*** MATERIAL TO PROCESS ***

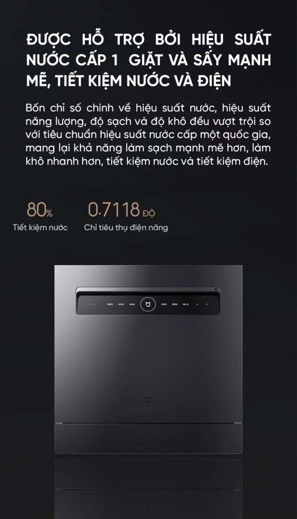Máy rửa bát Xiaomi Mijia S1 đạt hiệu suất nước cấp 1 quốc gia với khả năng rửa và sấy cực kỳ mạnh mẽ nhưng vẫn tiết kiệm năng lượng. Bốn chỉ số quan trọng gồm hiệu suất nước, hiệu suất năng lượng, độ sạch và độ khô đều vượt mức tiêu chuẩn, giúp làm sạch nhanh hơn, khô hơn và tiết kiệm hơn. Máy tiết kiệm đến 80% lượng nước và chỉ tiêu thụ khoảng 0.7118 kWh điện cho mỗi chu trình, mang lại hiệu quả vận hành vượt trội và thân thiện với môi trường.
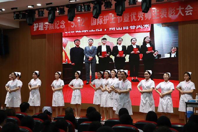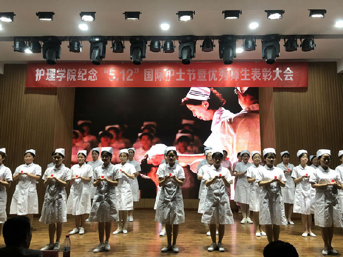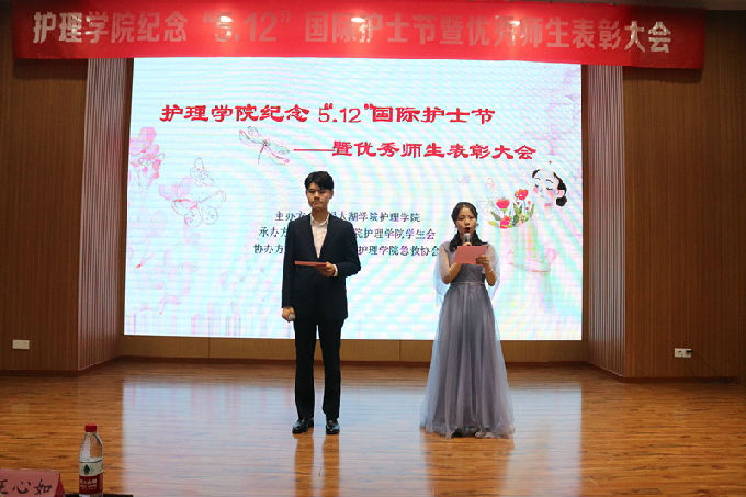 本网讯 2019年5月9日晚上6点30分,护理学院纪念“5.12”国际护士节暨优秀师生表彰大会在大学生音乐活动中心隆重举行。beat365正版唯一官网副校长何宏金、beat365正版唯一官网副校长、护理学院院长王心如、护理学院副院长周鸣鸣、护理学院党总支副书记胡宇、学工处代表老师以及护理学院全体教职工出席大会,本次大会共由四个部分组成,杨珣、赵嫣然主持大会。
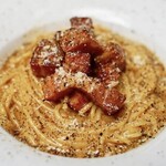 旨い!しっかりとした味わい!濃厚なカルボナーラかな? 私は結構濃厚、濃いめな味付けが好きなので、高級イタリアンのカルボナーラとは違うかもですが、私は、かなり好きなカルボナーラ!卵、チーズ、黒コショウなど全てバランスよくおいしい!生クリーム一切不使用がまた旨さの秘密か?麺の食感もソースとのマッチ度、絡み具合も勿論 …. 絶妙!やはり、普通のカルボナーラと違う!旨い!』(特盛ヒロシさん)
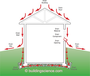 건물의 내구성과 곰팡이의 방지를 위해선 양이 가장 많은 빗물부터 관리하는 것이 가장 중요한 요소이다.
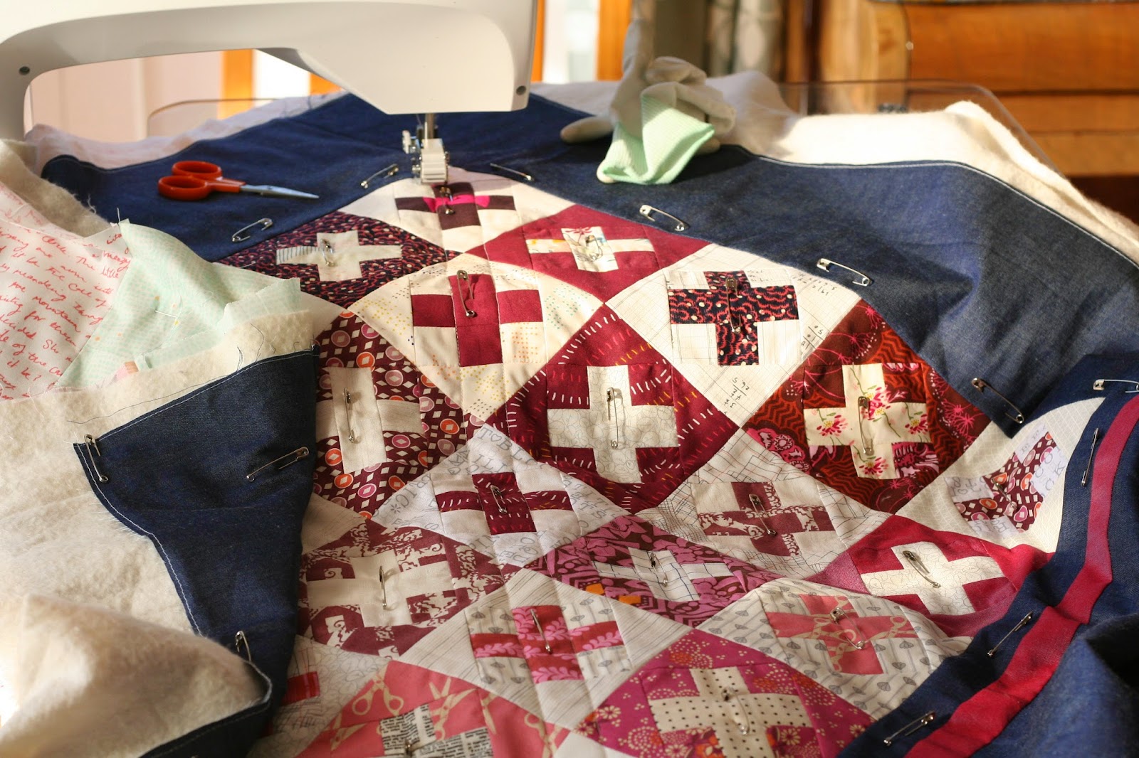 Your Marsala quilt is stunning Rachel – the kisses blocks are just lovely with the denim chambray!
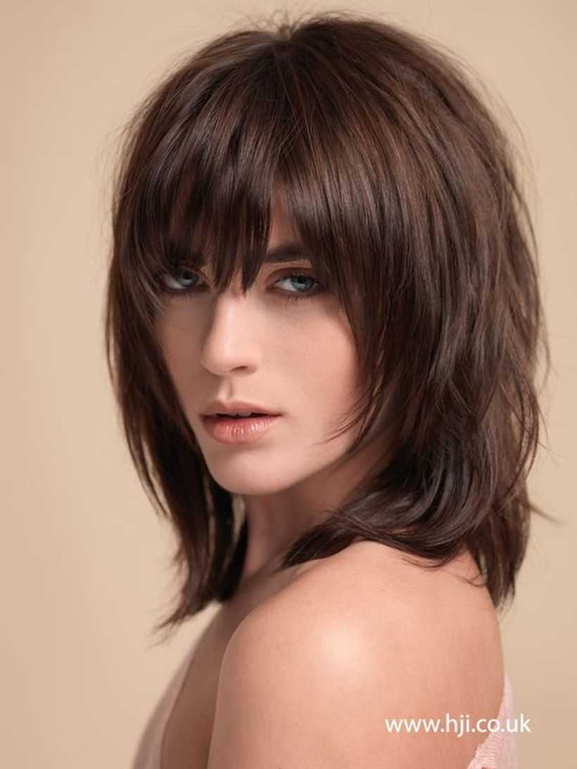 Вариантов каскада на средние волосы множество. Выбор зависит от овала лица, структуры и состояния волос. Самым актуальным вариантом для современных девушек считается каскад с прямой челкой. Такую стрижку могут позволить себе не все женщины, ведь она требует идеальное во всех отношениях лицо. Именно челка поможет скрыть или скорректировать недостатки лица и создать красивую прическу. Стрижка с прямой челкой прекрасно смотрится на обладательницах вытянутого лица. Густая прямая челка делает лицо визуально короче, скрывая морщины на лбу.
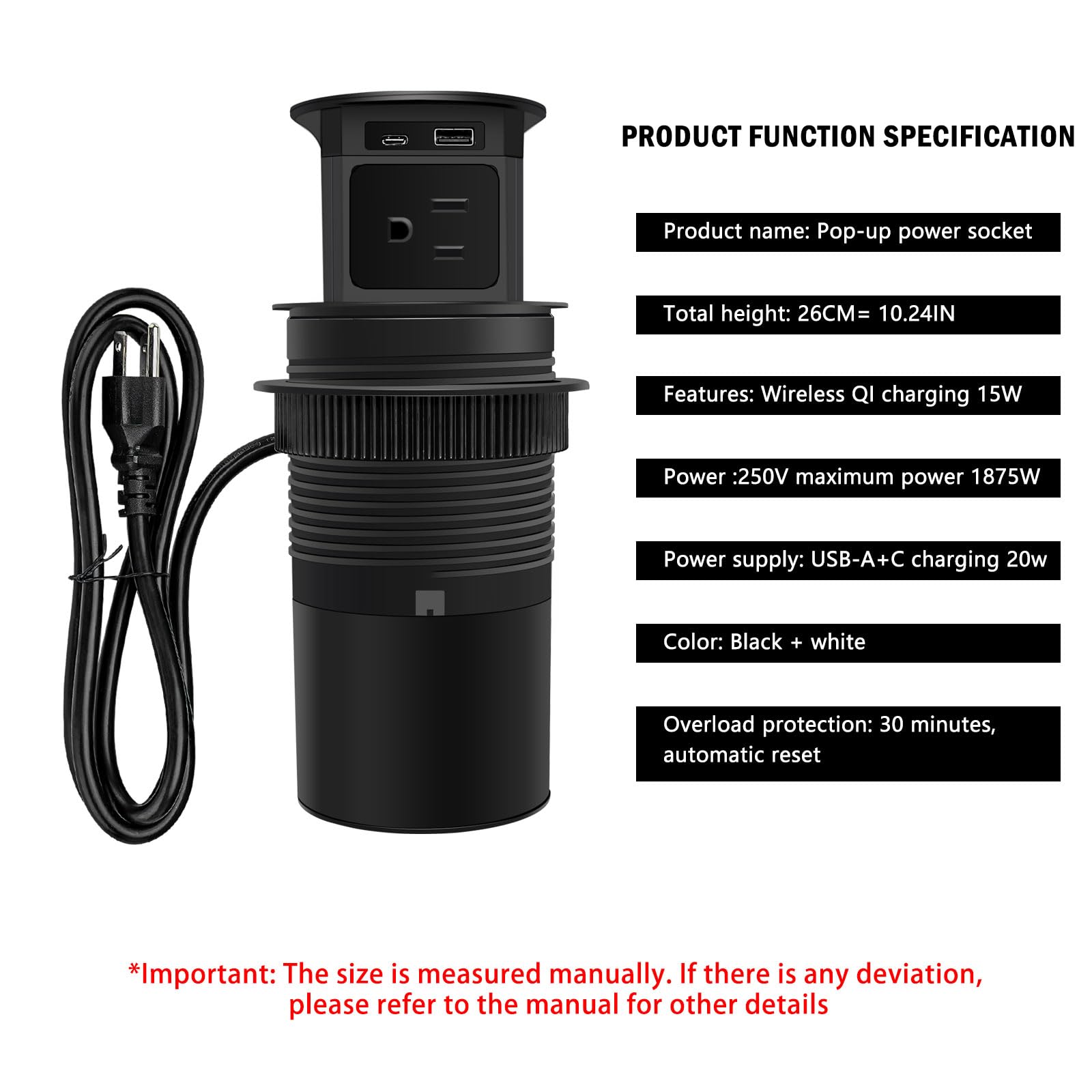 2:Pop Up Power Outlet-Automatic Pop Up Electrical Outlets for Countertops:with wireless charger on the top of the power strip,15W max fast wireless charging pad,compatible with all devices which apply with Qi standard. USB-A/C 20W Super fast charging Pop Up Outlet with USB Ports:1 PD20W USB-C ports PD20W USB-C ports(5V/3A 9V/2.22A 12V/1.67A) and 1 USB-A port(5V/3A 9V/2A 12V/1.5A Max 20W). AC outlet: 125V/15A/1875W.6.5FT 16AWG extension cord.
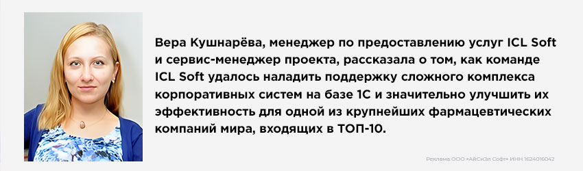 Развитие и сопровождение 1С решений для международной фармкомпании
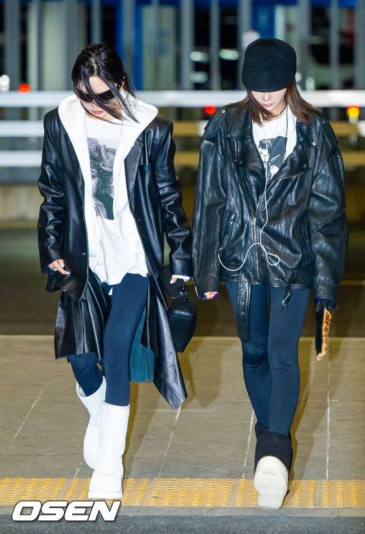 에스파 닝닝과 지젤이 출국장으로 이동하고 있다. 2026.02.06 / soul1014@osen.co.kr
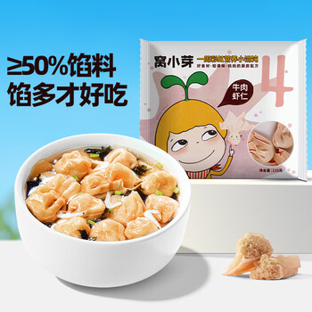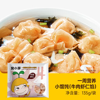 窝小芽 一周营养小馄饨饺子儿童早餐食品零食135g(牛肉虾仁)
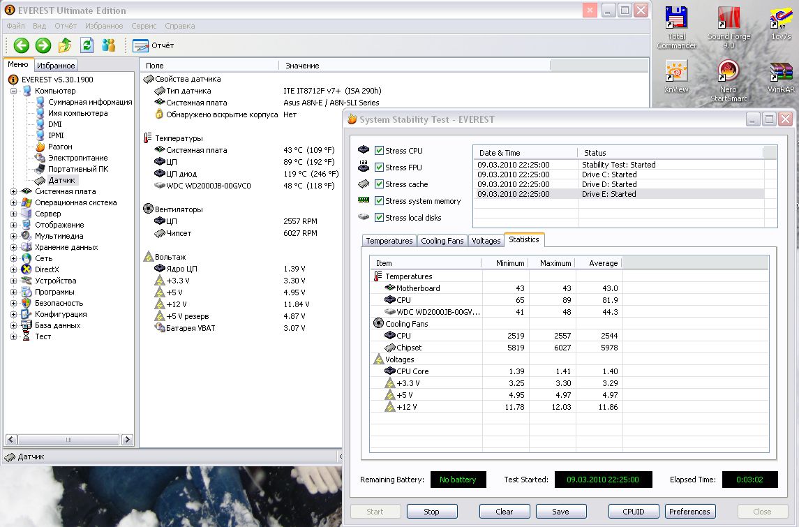 Также в программе Everest запустите тест стабильности системы на 7~10 минут и выложите здесь скрин вкладки Statistics
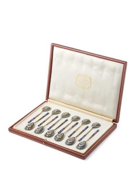 Set of twelve spoons in silver, vermeil, and polychrome enamels with floral decoration and beaded borders, twisted (torchon) handles. Russia, late 19th century (g 150) In a red morocco leather case with gilt tooling (defects)
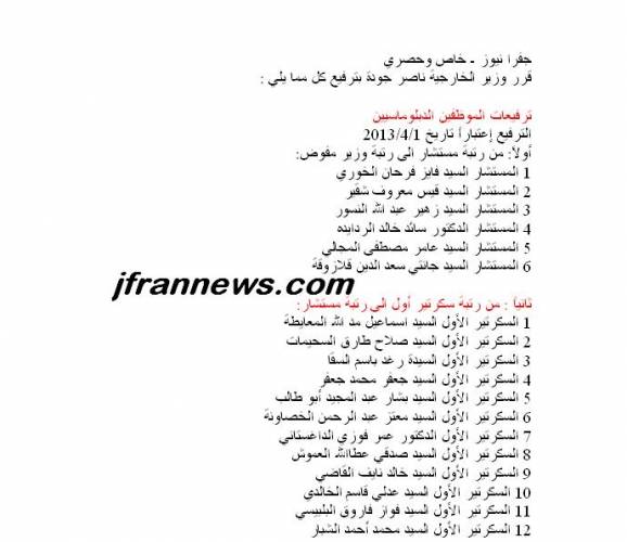 جفرا نيوز تنشر ترفيعات الموظفين الدبلوماسيين في الخارجية ... اسماء
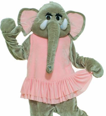 This friendly, silly elephant will be a big hit at your next party or event! Soft sculpture mascot-style Elephant costume dressed in pink. Includes a full covered padded head, feet and jumpsuit with attached pink dress.Standard size only.
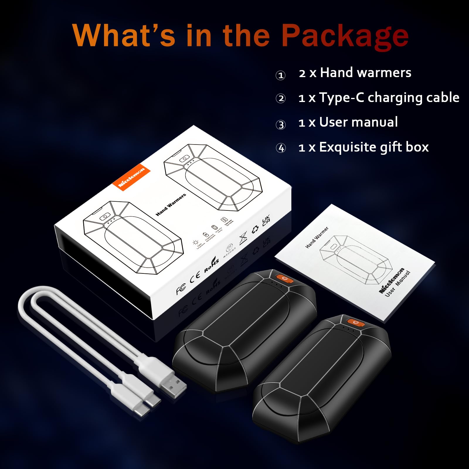 Nicelemon Electric Hand Warmers Rechargeable 2 Pack, Reusable Handwarmers, Portable Pocket Heater for Camping, Hunting, Golf, Gift for Men Women (Black)

***

Every entry above is to be transcribed exactly, with all pictures left out.

**REPLY TO THE EXERCISE**
Máy rửa bát Xiaomi Mijia S1 đạt hiệu suất nước cấp 1 quốc gia với khả năng rửa và sấy cực kỳ mạnh mẽ nhưng vẫn tiết kiệm năng lượng. Bốn chỉ số quan trọng gồm hiệu suất nước, hiệu suất năng lượng, độ sạch và độ khô đều vượt mức tiêu chuẩn, giúp làm sạch nhanh hơn, khô hơn và tiết kiệm hơn. Máy tiết kiệm đến 80% lượng nước và chỉ tiêu thụ khoảng 0.7118 kWh điện cho mỗi chu trình, mang lại hiệu quả vận hành vượt trội và thân thiện với môi trường.
 本网讯 2019年5月9日晚上6点30分,护理学院纪念“5.12”国际护士节暨优秀师生表彰大会在大学生音乐活动中心隆重举行。beat365正版唯一官网副校长何宏金、beat365正版唯一官网副校长、护理学院院长王心如、护理学院副院长周鸣鸣、护理学院党总支副书记胡宇、学工处代表老师以及护理学院全体教职工出席大会,本次大会共由四个部分组成,杨珣、赵嫣然主持大会。
 旨い!しっかりとした味わい!濃厚なカルボナーラかな? 私は結構濃厚、濃いめな味付けが好きなので、高級イタリアンのカルボナーラとは違うかもですが、私は、かなり好きなカルボナーラ!卵、チーズ、黒コショウなど全てバランスよくおいしい!生クリーム一切不使用がまた旨さの秘密か?麺の食感もソースとのマッチ度、絡み具合も勿論 …. 絶妙!やはり、普通のカルボナーラと違う!旨い!』(特盛ヒロシさん)
 건물의 내구성과 곰팡이의 방지를 위해선 양이 가장 많은 빗물부터 관리하는 것이 가장 중요한 요소이다.
 Your Marsala quilt is stunning Rachel – the kisses blocks are just lovely with the denim chambray!
 Вариантов каскада на средние волосы множество. Выбор зависит от овала лица, структуры и состояния волос. Самым актуальным вариантом для современных девушек считается каскад с прямой челкой. Такую стрижку могут позволить себе не все женщины, ведь она требует идеальное во всех отношениях лицо. Именно челка поможет скрыть или скорректировать недостатки лица и создать красивую прическу. Стрижка с прямой челкой прекрасно смотрится на обладательницах вытянутого лица. Густая прямая челка делает лицо визуально короче, скрывая морщины на лбу.
 2:Pop Up Power Outlet-Automatic Pop Up Electrical Outlets for Countertops:with wireless charger on the top of the power strip,15W max fast wireless charging pad,compatible with all devices which apply with Qi standard. USB-A/C 20W Super fast charging Pop Up Outlet with USB Ports:1 PD20W USB-C ports PD20W USB-C ports(5V/3A 9V/2.22A 12V/1.67A) and 1 USB-A port(5V/3A 9V/2A 12V/1.5A Max 20W). AC outlet: 125V/15A/1875W.6.5FT 16AWG extension cord.
 Развитие и сопровождение 1С решений для международной фармкомпании
 에스파 닝닝과 지젤이 출국장으로 이동하고 있다. 2026.02.06 / soul1014@osen.co.kr
 窝小芽 一周营养小馄饨饺子儿童早餐食品零食135g(牛肉虾仁)
 Также в программе Everest запустите тест стабильности системы на 7~10 минут и выложите здесь скрин вкладки Statistics
 Set of twelve spoons in silver, vermeil, and polychrome enamels with floral decoration and beaded borders, twisted (torchon) handles. Russia, late 19th century (g 150) In a red morocco leather case with gilt tooling (defects)
 جفرا نيوز تنشر ترفيعات الموظفين الدبلوماسيين في الخارجية ... اسماء
 This friendly, silly elephant will be a big hit at your next party or event! Soft sculpture mascot-style Elephant costume dressed in pink. Includes a full covered padded head, feet and jumpsuit with attached pink dress.Standard size only.
 Nicelemon Electric Hand Warmers Rechargeable 2 Pack, Reusable Handwarmers, Portable Pocket Heater for Camping, Hunting, Golf, Gift for Men Women (Black)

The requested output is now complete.